July 19, 2012 by Dropped Ink
When writing and creating characters it is easy to become so lost in the story that you allow them to entrap your thoughts so their deaths creep up on you. It is particularly hard when you have created a character that you talk about to co-workers, friends, and family as if they exist in a tangible way. You find yourself saying, ” Bob got back with his ex-girlfriend and he just could understand how bad a decision it was.” Your family will entertain you because they love you, your friends will likely respond with “Who is Bob?”, only for you to realize what you have been doing up to this point and tell them Bob is your character, they will then frown and furrow their brows. Bobs death will send you into a tailspin because you are literally stricken with fear and anger at the prospect of putting him through the process of his demise.
I can sincerely and honestly say a lump has formed and tears have rolled quietly down my cheeks when I have had to kill a beloved character. We are creators in many respects because while these beings that we have created exist in a fictitious space they are representations of us. They possess the things we most admire in people, intellect, strength, courageous, beauty, perfection beyond comparison.

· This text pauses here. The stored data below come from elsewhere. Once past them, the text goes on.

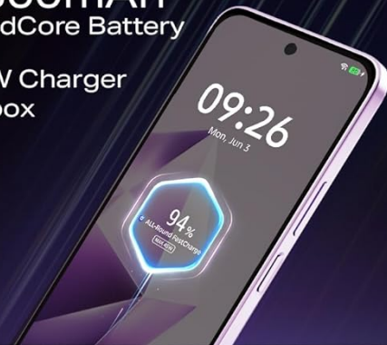
Image Description: The Infinix Note 50x 5G+ highlighting its MIL-STD-810H military-grade durability and IP64 rating, indicating resistance to drops, dust, and water splashes.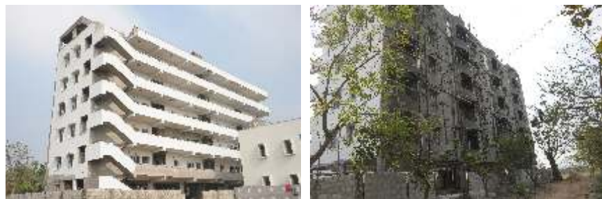
Sri Krishna towers @ Penamaluru, NH-5, Vijayawada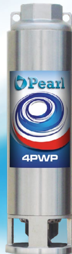
Tabla de Selección

No matter how we package them, no matter the genre we set them in we love them because we have created them as we wish them to be. Which is why the idea of killing them puts us beside ourselves with writers grief. No one, outside of another writer or artist can understand that grief. I have found that if you cry and are deeply connected to your characters the readers will cry and feel the same emotions.

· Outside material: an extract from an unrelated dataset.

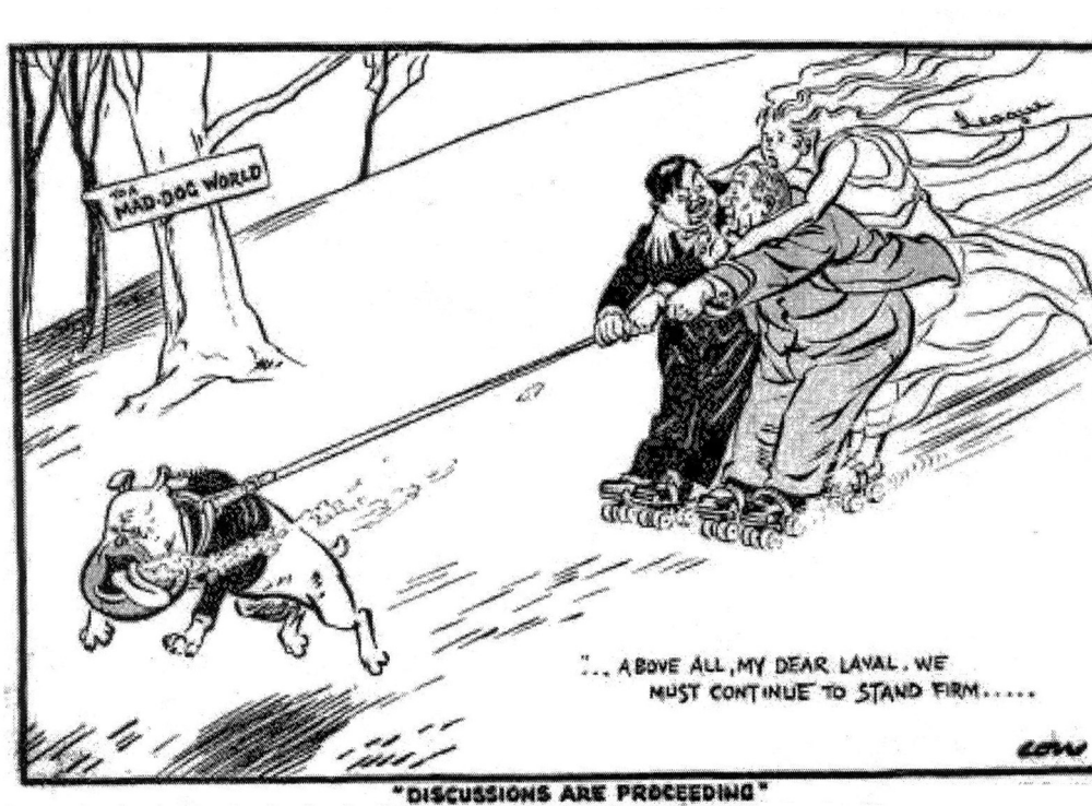
A British cartoon published in August 1935. The two men are Laval and Baldwin (Prime Minister of Britain).

Then there are those characters that we weep over because we are free of them. These characters are so strong that they hold us and envelope every aspect of our thought process. They are dying to be. To be seen, heard, experienced. They force themselves on to the page with a fury that you find yourself exhausted after writing them. I have had characters that have been so loud in my head that I have had to write them, and I do mean write, every scene, situation, thought that they have articulated. There have been times I have come home from work with post-it notes paper clipped together because my character would not shut up unless I wrote them. These characters are great creations but they are unwelcome creations because they consume you. They characters often possess characteristics that make them people we would never keep company with yet we find them intriguing. Then are so insufferable we loath those moments we hear their voices in our heads. The stories are good, they are beloved by all who read them. Yet we the writers, the creators, hate their very manifestations and killing them is a sad yet merciful act.
The tortured conflicted minds of writers.